Overall, this paper is impressively comprehensive, and the results reveal new insights into compensating biases, dynamical controls, and the physical mechanisms behind future changes in heavy precipitation frequency. The paper is clearly written, well structured, and methodologically rigorous. It will be of high interest to the climate dynamics, hydroclimate, and impacts communities. The identification of widespread compensating biases and distortions in forced changes is especially valuable for model evaluation, downscaling, and storyline applications.

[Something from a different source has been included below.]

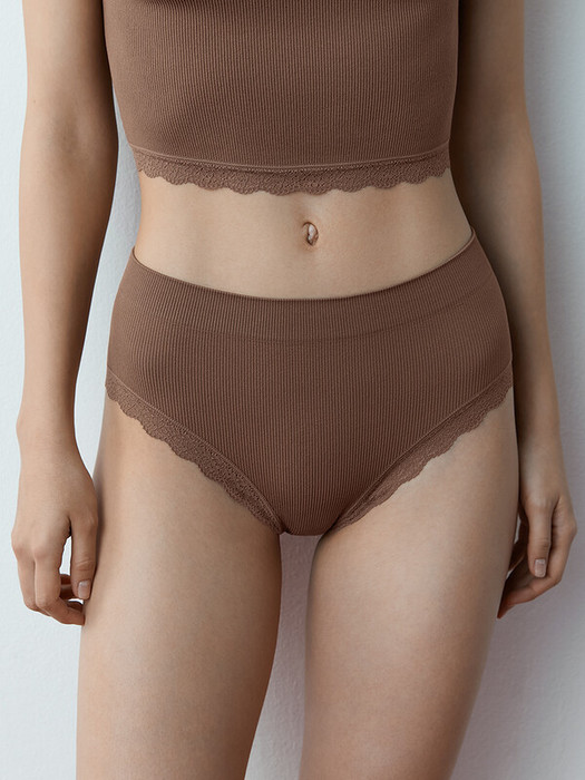 Комфортные трусы-слипы в рубчик со средней линией талии и широкой боковиной. Вырезы по линии бедра обработаны ажурным кружевом с изящным цветочным рисунком.

I find the manuscript to be a strong and valuable contribution suitable for publication after minor revisions. My comments below aim to enhance clarity, interpretation, and broader applicability.
In short, this is a well-designed and insightful manuscript that advances our understanding of flow-dependent heavy-precipitation frequency biases and changes. With clarifications on terminology, broader discussion of intensity considerations, and guidance on ensemble-size requirements, the paper will be even more impactful and accessible to a wide interdisciplinary audience.